Hacker News new | past | comments | ask | show | jobs | submit login
Show HN: Bolt: A research language with finer-grained concurrency than Rust (github.com/mukul-rathi)
103 points by mrathi12 on May 10, 2020 | hide | past | favorite | 24 comments

So the features that the dissertation claims Rust doesn’t have are:

- Single-threaded mutable aliasing

Actually, Rust supports this in the form of the `Cell` type. It’s admittedly not very ergonomic, though. Also, Bolt runs on the JVM and thus has a garbage collector. This pattern is more powerful in a garbage-collected environment, because merely reading a pointer is enough to guarantee it won’t be collected. Suppose you (1) read a mutable field of type string, (2) call some other code that might write a different string to that field, then (3) access the string you originally read. With garbage collection, this is safe; without it, your string might have been freed by the time you access it.
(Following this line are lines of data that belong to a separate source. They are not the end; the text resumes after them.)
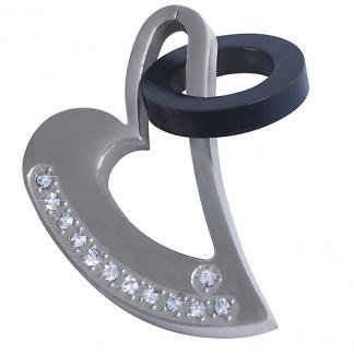 STAINLESS STEEL PENDANT IN HEART SHAPE WITH CZ AND IPB CIRCLE
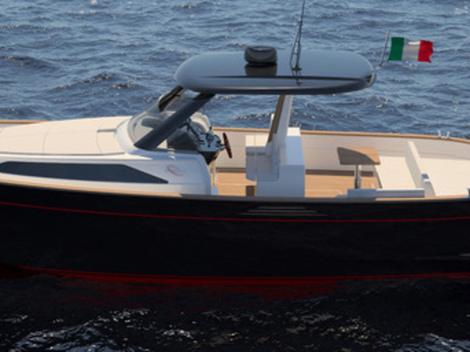 Cette nouvelle version du Gozzo 35 est équipée de trois moteurs de 300 cv qui lui confèrent les performances d'un véritable bateau de sport et une vitesse de pointe bien supérieure à 40 nœuds. Son ambition est de combiner les lignes typiques et le style intemporel du Sorrento Gozzo avec la sportivité et les performances supérieures d'un bateau de croisière rapide.
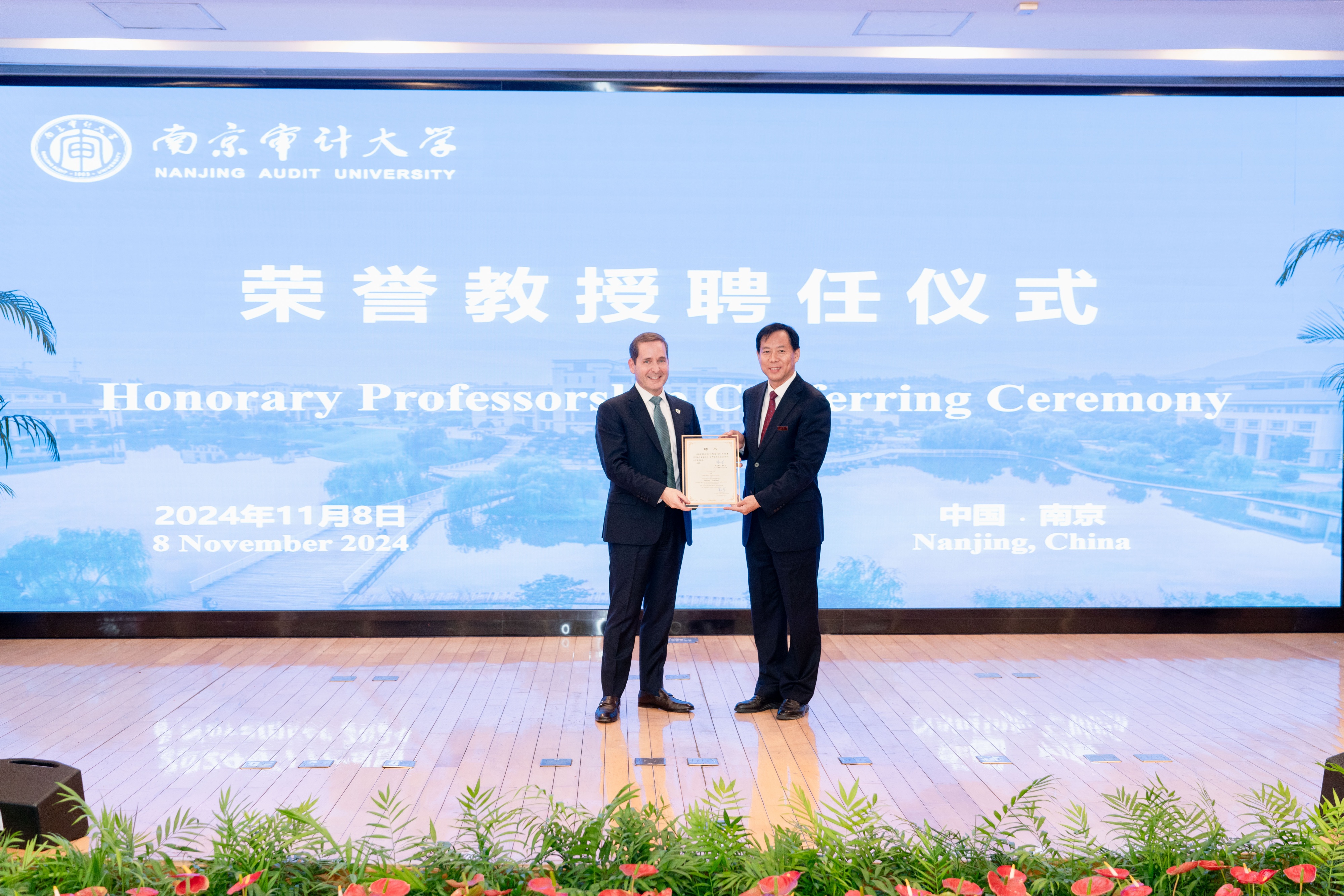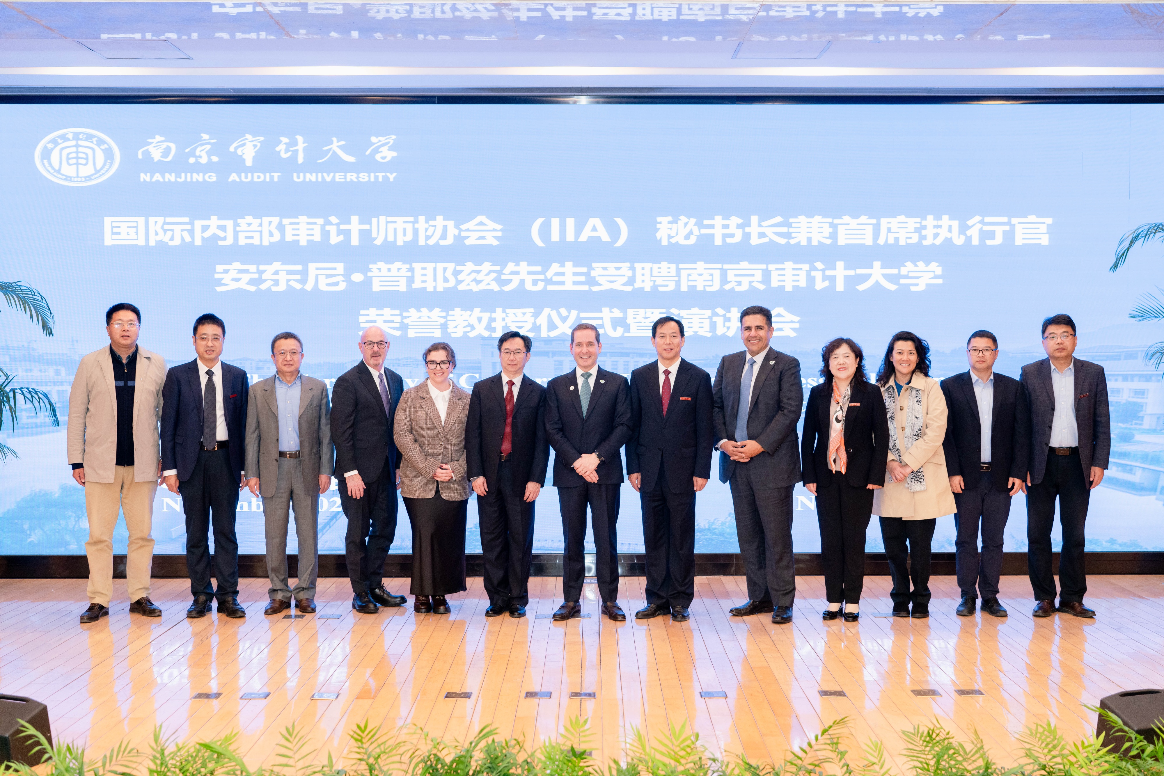 今天,国际内部审计师协会秘书长兼首席执行官安东尼·普耶兹先生受聘beat365vip官网登录入口荣誉教授仪式暨演讲会在敏达学术报告厅举行。国际内部审计师协会、中国内部审计协会相关负责人,beat365党委书记、校长董必荣,党委常委、副校长卢亚娟等出席聘任仪式,相关部门负责人及师生代表参加。党委常委、副校长李乾文主持仪式。
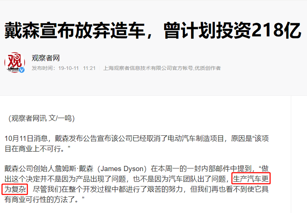 所谓隔行如隔山,想要跨行业进军汽车市场,除了办理汽车生产资质极难之外,小米既没有汽车研发技术,又没有与汽车厂商合作或收购,其投入成本之高、技术难度之大一目了然了。在这件事上也不是没有先例: Dyson戴森作为一家国际高端家电设计制造公司,背后的资金非常雄厚,曾经甚至计划投资200多亿进军汽车领域,但最后还是寥寥收场。
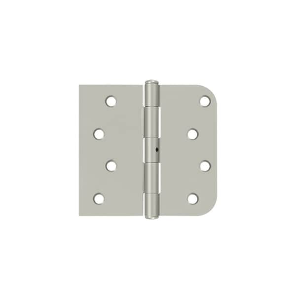 Deltana is the architectural hardware manufacturer with a proven record for exceptional service and quality. Deltana inventories the largest selection of architectural and door hardware in over nine fine finishes made from solid brass, zinc, aluminum, steel and stainless steel.. 4 x 4-1/4 x 5/8 Radius x Square Hinge; Non Removable Pin; Satin Nickel Finish

You can also make this safe with reference counting – most interpreted languages do this, Swift does it with class fields, and there are libraries to do it in Rust – but fiddling with reference counts every time you access an object is fairly slow.

> Concurrently mutate disjoint parts of object

Out of the box, Rust lets you take mutable references to disjoint parts of an object and send them to different places, including different threads. Bolt also apparently lets you pass these around as linear capabilities; translated to Rust terms, it’s like if you could take a Box<(Foo, Bar)> and split it into a Box<Foo> and Box<Bar>. Rust doesn’t support this out of the box, but you can get something equivalent with the owning_ref crate (again, a bit less ergonomic, but still safe).
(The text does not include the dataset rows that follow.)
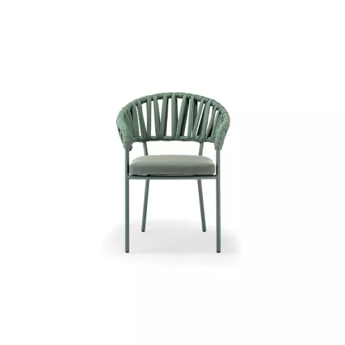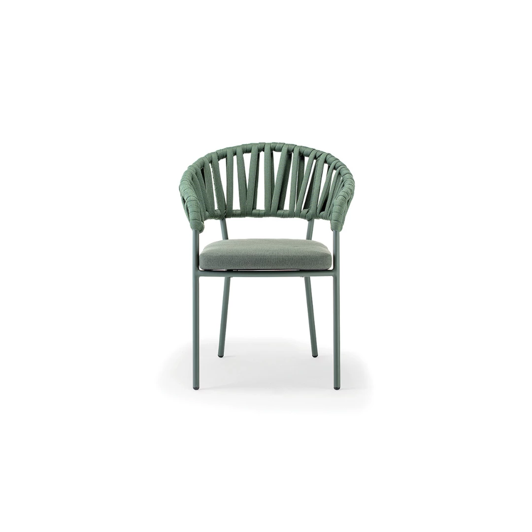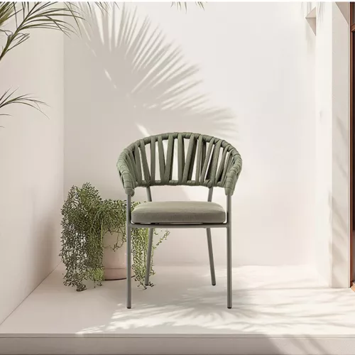 Victory is a stackable outdoor armchair with an aluminium frame, elegantly wrapped in durable acrylic rope. It includes a seat cushion upholstered in water-repellent Olefin fabric, offering long-lasting comfort. Designed for horeca terraces, it brings both function and sophisticated design to any outdoor space.
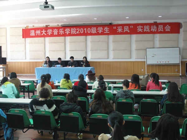 召开了“10级实践教学‘采风’动员会”。副院长王文韬、教务科科长蔡晓武、带队教师代表王志毅、李葳等老师及10级70多名学生参加了本次“采风”动员大会。会议由教务科蔡晓武老师主持。
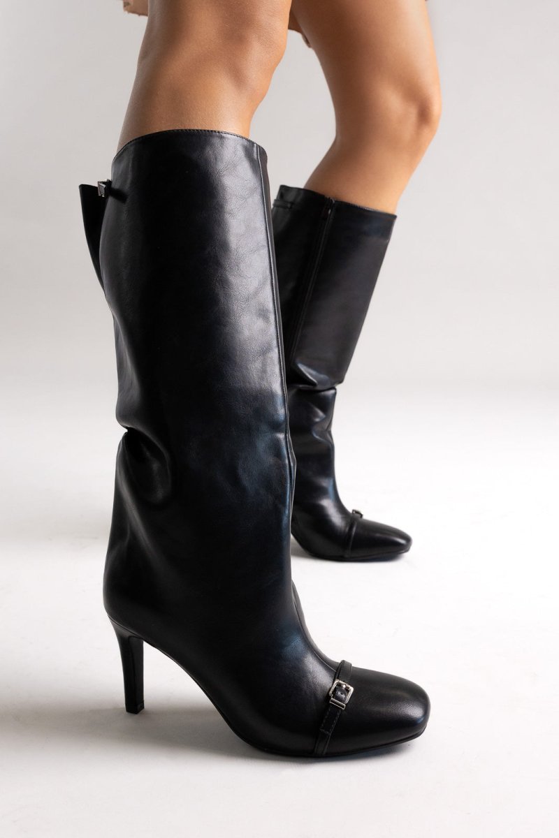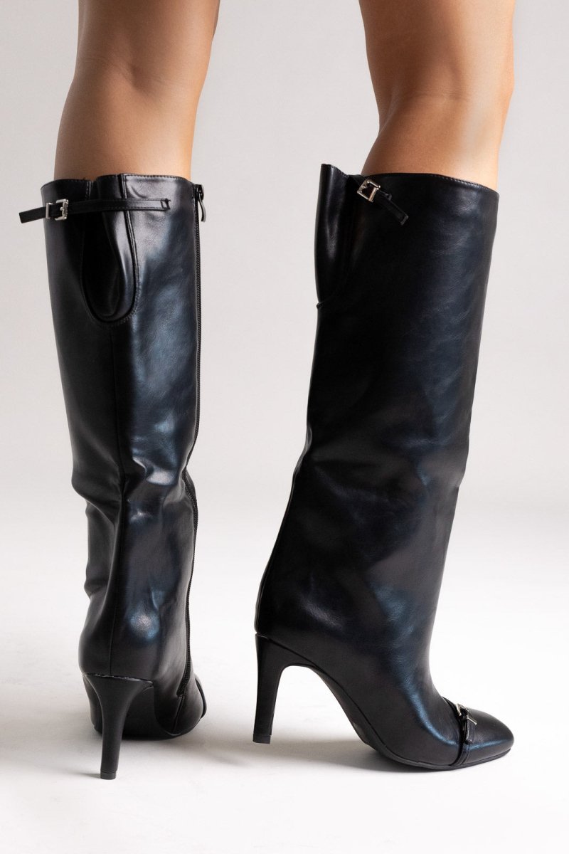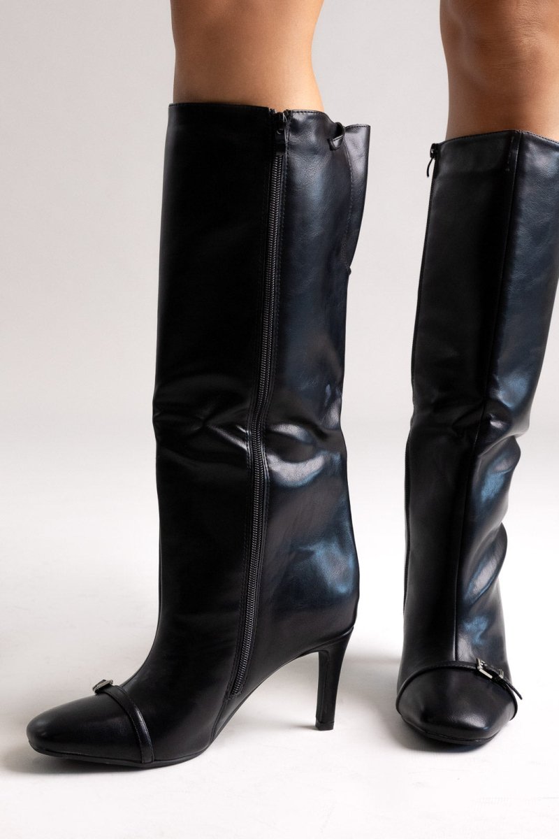 Κομψές μπότες στιλέτο με λεπτή ζώνη και στρογγυλή μύτη. Πλαϊνό φερμουάρ και διακριτική πιέτα στη γάμπα για ευέλικτη εφαρμογή—αναβαθμισμένο, εκλεπτυσμένο στυλ για κάθε περίσταση.

> Concurrently mutate object, locking overlapping state

You can easily do this in Rust with Arc<Mutex<Foo>>. Bolt apparently inserts mutexes automagically where needed, but other than that I don’t see any ergonomic difference. Most Rust programmers would probably not appreciate mutexes being inserted automatically; locking is expensive and creates the possibility of deadlocks, so for both a performance and correctness standpoint you want to understand where mutexes are being used.

> Also, Bolt runs on the JVM and thus has a garbage collector

No, Bolt targets LLVM IR

As for your other points, whilst there are escape hatches in Rust that do let you do it, it's not in the core ownership type system. That's what is being compared - the type systems.

The escape hatches mean you lose some of the guarantees the type system gives you - Bolt's approach still gives you the guarantees. That's the difference.

I'm not sure what you mean by bypassing the type system. The types mentioned are part of the type system. Some of them move checks from compile time to run time. `unsafe` could be seen as an escape hatch, but as far as I understand that wasn't part of the discussion?

What guarantee does Bolt provide around mutable aliased references that Rust's `&Cell` doesn't?

> No, Bolt targets LLVM IR

Oops! That's a pretty embarrassing mistake for me to make, especially while I'm criticizing your own portrayal of Rust as mistaken.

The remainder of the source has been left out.